Winners announced in Second Studio Arts Juried Art Competition
Donatello 21: five studios showcasing this semester’s truly exceptional student artwork, including paintings, photography, drawings, sculpture, art on fabric, and jewelry. During the end-of-the-semester exhibition, the jury faced the tough task of choosing one winning piece for the SUF Studio Arts Purchase Prize Award—and failed. In the end, they felt compelled to choose the work of two students: photography by Jisoo Ha, Parsons School of Design, and a painting triptych by Erin Mallea, Loyola Marymount University.
The jury was made up of Paula Bortolotti, Art Critic and Curator, Valentina Gensini, Freelance Curator; and Reagan Wheat, Director-On-Site, Washington University. Nick Kraczyna, STA Coordinator, announced with pride that the work exhibited this semester really put the jury members in a difficult position: “The two winners were chosen out of thirteen semi-finalists. It was impossible to select only one winner.”

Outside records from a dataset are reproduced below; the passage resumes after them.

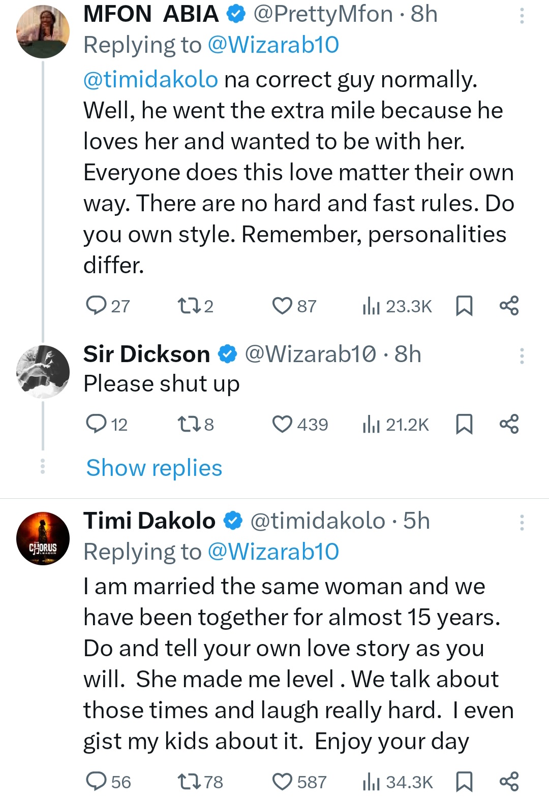 Timi responded: "I am married the same woman and we have been together for almost 15 years.
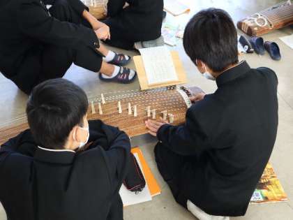 11月の後半から全学年の音楽の授業では箏(こと)を演奏しており、伝統的な日本の歌曲である「さくら さくら」の練習に励んでいます。生徒たちは曲の余韻を大切にしながら、一生懸命授業に取り組んでいます。箏の和を感じさせる音色にとても心が癒やされています。
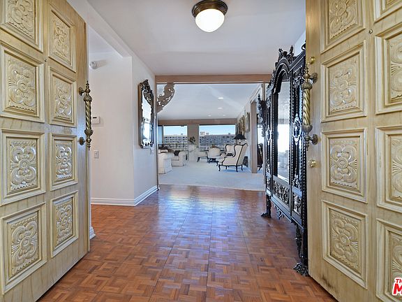 BEVERLY HILLS LIVING WITH WILSHIRE CORRIDOR VIEWS! FROM THE MOMENT YOU WALK THRU THE PENTHOUSE DOUBLE DOORS THIS UNIT EXUDES GRACE AND CHARM AND A WOW VIEW !!!! FLOOR TO CEILING WINDOWS, WOOD FLOORING, LUSH CARPET & GRACIOUS & BRIGHT LIVING ROOM AND DINING ROOM. LOVELY OPEN FAMILY ROOM WITH WET BAR IT HAS A DELFT BLU TILE EAT-IN KITCHEN WITH YET MORE VIEWS. MASTER SUITE IS SPACIOUS AND GORGEOUS...MORE CLOSETS THAN YOU CAN IMAGINE OR FILL. MARBLE BATH HAS SPA TUB , STEAM SHOWER AND TONS OF BUILT INS. SECOND BEDROOM AND BATH ARE GENEROUS. THIS UNIT WILL MAKE YOU SMILE! SEE FROM DOWNTOWN TO OBSERVATORY TO HOLLYWOOD HILLS EVEN SNOW ON THE MOUNTAINS
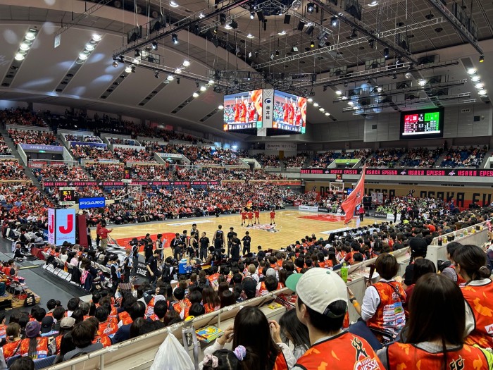 試合では、レバンガ北海道の富永啓生選手が不安定な体勢から放った美しい軌道のスリーポイントシュートに心を打たれました。今後の日本での活躍にも大いに期待しています。そして、ホームチームである大阪のさらなる盛り上がりにも注目したいと思います。

Jisoo Ha’s photography focuses on unexpected parts of a whole. It is saturated with rich, jewel tones, giving it a surrealistic edge. SUF photography professor Stefania Talini,had this to say about Ha: “Though Jisoo is a beginner, her work shows a rare awareness in the use of space, color and composition. Her subjects are never conventional and her images go beyond "reality." Jisoo is not interested in descriptive or documentary photography; rather, she creates strong images by observing every day objects and finding in them new shapes, color and meaning.”
Mallea’s winning triptych is a reflection of her curiosity about how age, time, and distance shape an object and it’s relationship to an individual—is it relic or artifact? Perhaps both? What exactly gives ‘aura’ to an object? Mallea began putting together different objects, observing how each was transformed according to its relationship to both the viewer and another object. The triptych is a result of this process. Added Mallea, “I painted a picture within a picture in order to alter the representation of an object and connote a level of documented history and separation.”

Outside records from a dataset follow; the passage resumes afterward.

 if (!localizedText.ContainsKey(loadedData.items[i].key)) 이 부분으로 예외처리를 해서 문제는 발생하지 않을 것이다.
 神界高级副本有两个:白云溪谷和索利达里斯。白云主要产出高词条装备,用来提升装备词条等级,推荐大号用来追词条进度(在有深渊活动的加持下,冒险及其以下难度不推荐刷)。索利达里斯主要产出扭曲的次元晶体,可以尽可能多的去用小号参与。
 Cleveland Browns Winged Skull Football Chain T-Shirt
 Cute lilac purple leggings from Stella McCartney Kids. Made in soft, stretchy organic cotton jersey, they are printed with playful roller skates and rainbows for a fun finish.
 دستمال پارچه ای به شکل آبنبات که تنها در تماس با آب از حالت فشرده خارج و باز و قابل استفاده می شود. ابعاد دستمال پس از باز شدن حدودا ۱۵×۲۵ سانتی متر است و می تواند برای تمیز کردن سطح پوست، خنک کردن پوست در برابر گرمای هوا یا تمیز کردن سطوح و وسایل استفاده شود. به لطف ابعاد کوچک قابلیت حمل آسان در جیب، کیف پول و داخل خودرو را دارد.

SUF art professor Kirsten Stromberg said "In the work Is There Magic? Erin explores a delicate balance between understanding the tradition of painting and using it to pose contemporary philosophical questions on the constructions of representation, illusion and language. Working with elements pertinent to Italian history and culture—the debate between relic and artifact, the sacred and the profane—Is There Magic? points to space between things and the complex relationship of how we construct and question the world around us."
Jisoo Ha and Erin Mallea will share the STA merit prize.